Bomb and you shall find. NASA today claimed success in its quest to find water on the moon.
"Indeed, yes, we found water. And we didn't find just a little bit, we found a significant amount," said Anthony Colaprete, a principal project investigator at NASA's Ames Research Center [AP].
Scientists had been analyzing data for more than a month since NASA crashed the LCROSS craft into the moon on October 9, which created a tiny crater in the polar region and kicked up a plume of material that had been beneath the lunar surface. NASA worried when the original impact didn't create the easily visible plume of material that they'd anticipated, but later images showed that the mystery plume had been created and scientists were free to analyze its composition. The results are clear: both infrared and ultraviolet spectrometers indicated the presence of water, and those readings got stronger over time, which is what you'd expect if you bombed the moon and created a plume full of water.

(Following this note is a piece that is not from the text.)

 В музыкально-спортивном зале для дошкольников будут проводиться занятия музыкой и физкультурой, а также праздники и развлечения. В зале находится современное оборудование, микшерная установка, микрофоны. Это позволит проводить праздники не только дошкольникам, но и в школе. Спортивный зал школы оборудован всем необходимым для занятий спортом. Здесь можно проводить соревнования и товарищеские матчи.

Previous space probes had indicated the presence of hydrogen in the lunar polar regions, but researchers hadn't verified it until now. "LCROSS has now made that definitive discovery," team member Greg Delory said at the press conference today.
The confirmation of scientists’ suspicions is welcome news both to future explorers who might set up home on the lunar surface and to scientists who hope that the water, in the form of ice accumulated over billions of years, could hold a record of the solar system’s history [The New York Times]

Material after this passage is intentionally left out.